Provided records =
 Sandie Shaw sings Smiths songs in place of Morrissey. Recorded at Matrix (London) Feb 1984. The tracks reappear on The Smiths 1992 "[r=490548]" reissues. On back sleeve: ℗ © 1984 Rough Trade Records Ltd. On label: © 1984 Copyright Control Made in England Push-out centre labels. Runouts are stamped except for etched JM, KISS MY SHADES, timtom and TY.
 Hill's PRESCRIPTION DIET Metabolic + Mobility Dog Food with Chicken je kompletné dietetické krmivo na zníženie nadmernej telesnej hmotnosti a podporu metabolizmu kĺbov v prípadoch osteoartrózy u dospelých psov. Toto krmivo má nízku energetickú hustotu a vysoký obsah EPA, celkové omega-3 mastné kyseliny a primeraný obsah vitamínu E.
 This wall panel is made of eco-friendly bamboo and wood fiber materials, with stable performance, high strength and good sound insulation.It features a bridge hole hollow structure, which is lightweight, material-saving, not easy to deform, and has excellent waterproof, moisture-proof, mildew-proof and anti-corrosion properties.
* * *
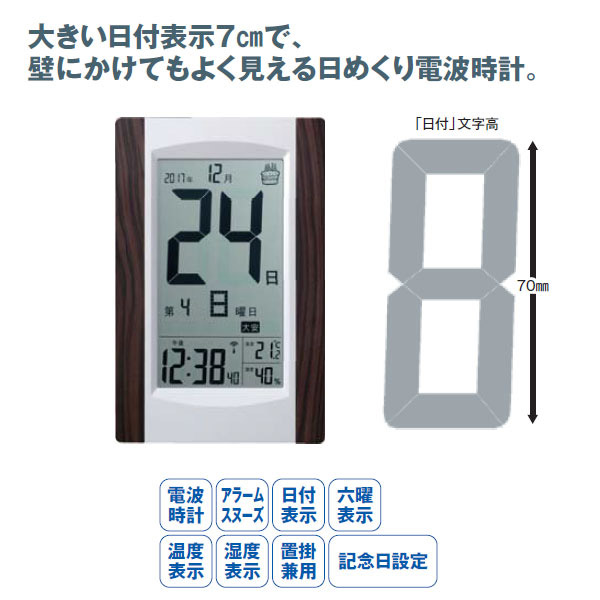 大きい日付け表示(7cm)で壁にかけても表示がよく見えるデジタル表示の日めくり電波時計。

Work to complete = What you return must be an exact retyping of the lines above starting at the line with "Sandie Shaw sings" and ending at the line with "This wall panel", and nothing besides.

Solution to the exercise =
 Sandie Shaw sings Smiths songs in place of Morrissey. Recorded at Matrix (London) Feb 1984. The tracks reappear on The Smiths 1992 "[r=490548]" reissues. On back sleeve: ℗ © 1984 Rough Trade Records Ltd. On label: © 1984 Copyright Control Made in England Push-out centre labels. Runouts are stamped except for etched JM, KISS MY SHADES, timtom and TY.
 Hill's PRESCRIPTION DIET Metabolic + Mobility Dog Food with Chicken je kompletné dietetické krmivo na zníženie nadmernej telesnej hmotnosti a podporu metabolizmu kĺbov v prípadoch osteoartrózy u dospelých psov. Toto krmivo má nízku energetickú hustotu a vysoký obsah EPA, celkové omega-3 mastné kyseliny a primeraný obsah vitamínu E.
 This wall panel is made of eco-friendly bamboo and wood fiber materials, with stable performance, high strength and good sound insulation.It features a bridge hole hollow structure, which is lightweight, material-saving, not easy to deform, and has excellent waterproof, moisture-proof, mildew-proof and anti-corrosion properties.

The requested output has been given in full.